Four residential projects will create 142 units, from homeless shelters to family co-ops, under a joint federal-provincial-municipal funding deal

Published: July 14, 2026

The governments of Canada and Quebec, together with the City of Montreal, announced combined funding of $37.48 million this month for four residential projects that will add 142 units across the city, with a focus on people experiencing homelessness and low-income families.

 

The largest single contributions go to two projects converting vacant or underused space into supportive housing for homeless individuals: 35 studio units at the Saint-Antoine Est site, backed by $5.69 million in federal money and $9.89 million from Quebec's Programme d'habitation abordable Quebec, and 70 rooms at the Pavillon du Plateau, funded mainly through a $10.7 million provincial contribution plus support from the local health authority. The Old Brewery Mission, a long-running homelessness services organization, will operate both.

 

Two smaller cooperative housing projects round out the announcement: 16 units at Coop Les Jardins and 21 units at the Cooperative d'habitation L'Escale, both aimed at families and single individuals and financed through a mix of federal Affordable Housing Fund grants, credit union loans, and municipal contributions. Quebec's Societe d'habitation du Quebec and the City of Montreal each contributed to every project, with Montreal's total commitment across all four reaching $8.68 million.

 

The funding flows in part through the Canada-Quebec Agreement under the Housing Accelerator Fund, alongside matching provincial investments first flagged in Quebec's 2023 and 2024 economic updates.
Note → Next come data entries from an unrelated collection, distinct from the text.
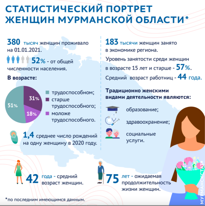 По последним имеющимся данным, в Мурманской области проживает 380 тысяч северянок, что составляет 52% от общей численности населения.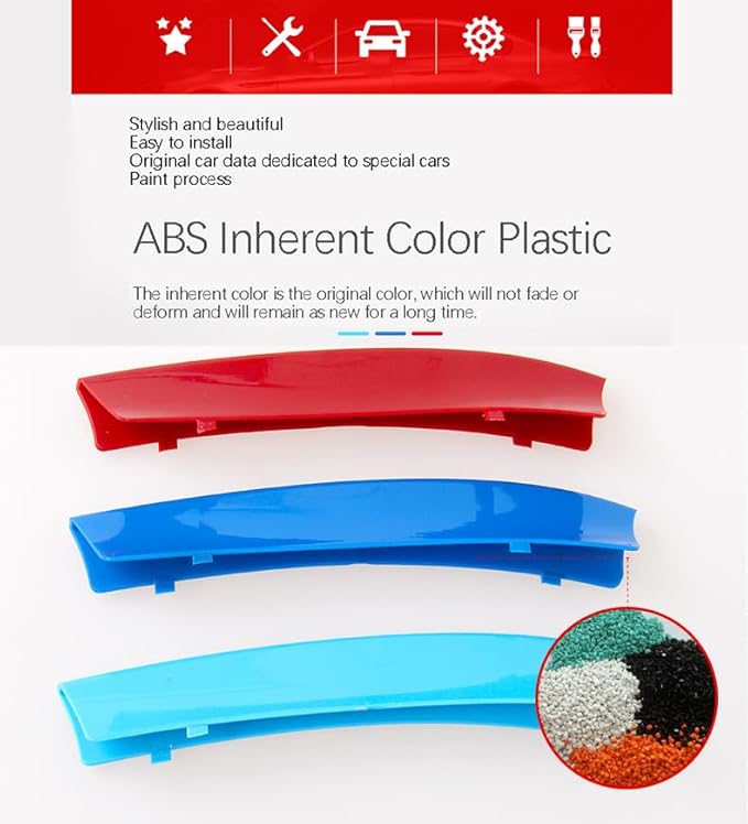 - 【Decoration effect】 It goes well with the front grid and has a wide variety of colors to match any color exterior decoration. Three-color mixed color (red / blue / light blue), of course, as Bimmer fan, you definitely know the meaning of these three colors. It makes your car look sportier like a performance car.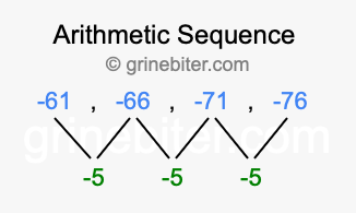 So, what type of sequence is -61, -66, -71, -76? The sequence -61, -66, -71, -76 has a common difference of -5 between each term. We call this kind of sequence an arithmetic sequence. Below is an image illustrating the correlation between the arithmetic sequence -61, -66, -71, -76 and its common difference of -5.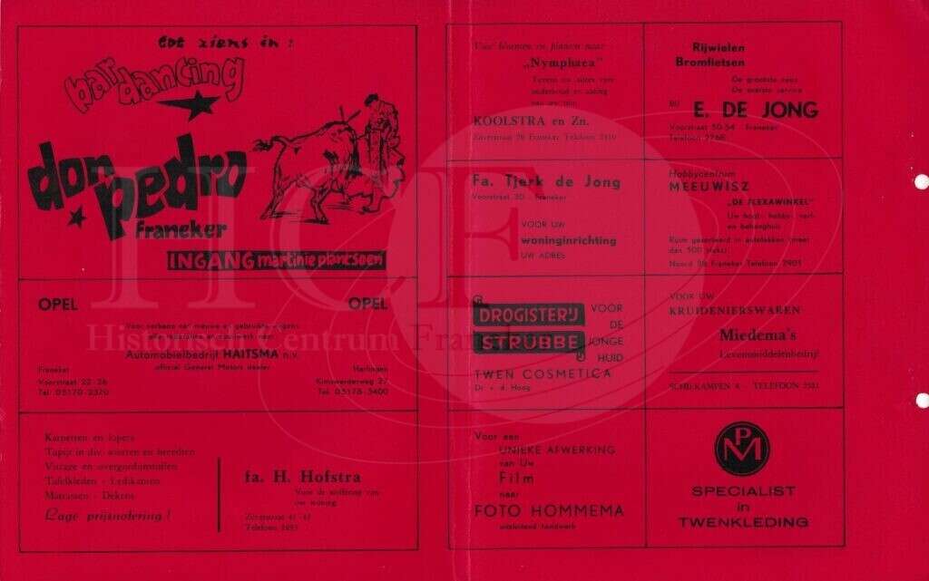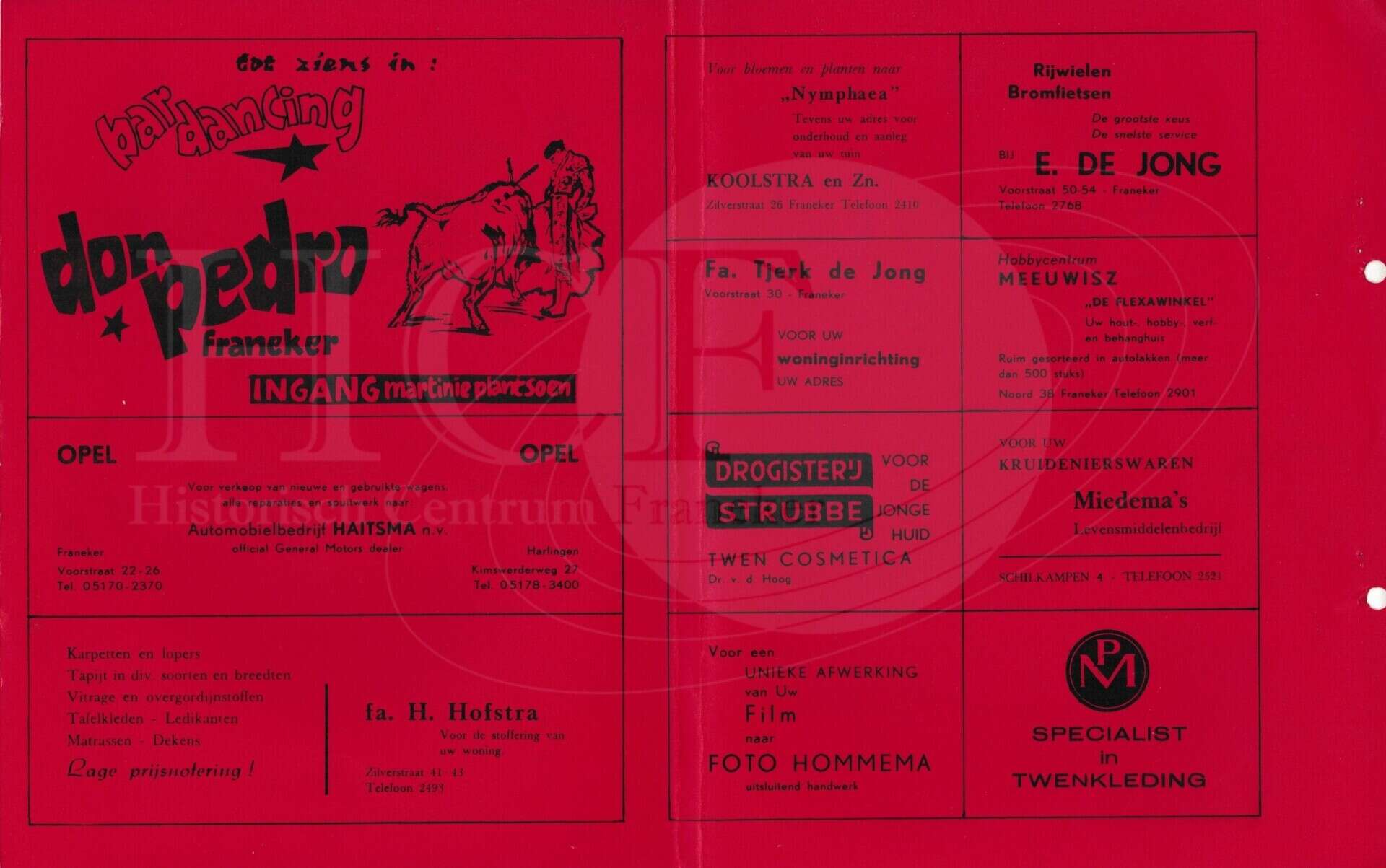 | Beschrijving: | It Fleurige Flittergat: 1969 6de jaargang nr. 3: Reklame: Don Pedro Martinplantsoen, Automobielbedrijf Haitsma Voorstraat 20-22, fa. H.Hofstra huis stoffeering Zilverstraat 41,43, Bloemenhuis "Nymphaea" Zilverstraat 26 , E. de Jong Rijwielen Voorstraat 50-54, Woninginrichting Tjerk de Jong Voorstraat 30, de Flexawinkel Noord 38, Droogisterij Strubbe Noord, Miedema's levensmiddelen Schilcampen 4, Foto Hommema Zilverstraat 1, PM Breedeplaats 12. |

Officials also tied the announcement to Build Canada Homes, the new federal housing agency, noting that Canada and Quebec signed a memorandum of understanding in January to coordinate its rollout across the province through a joint collaboration table meant to streamline approvals between federal, provincial and municipal partners.

 

City officials framed the announcement as evidence that affordability, not just supply, is the core of Montreal's housing crisis, with local leaders pointing to the timing just after the July 1 moving day, when thousands of Quebec renters traditionally change addresses and gaps in available housing are most visible.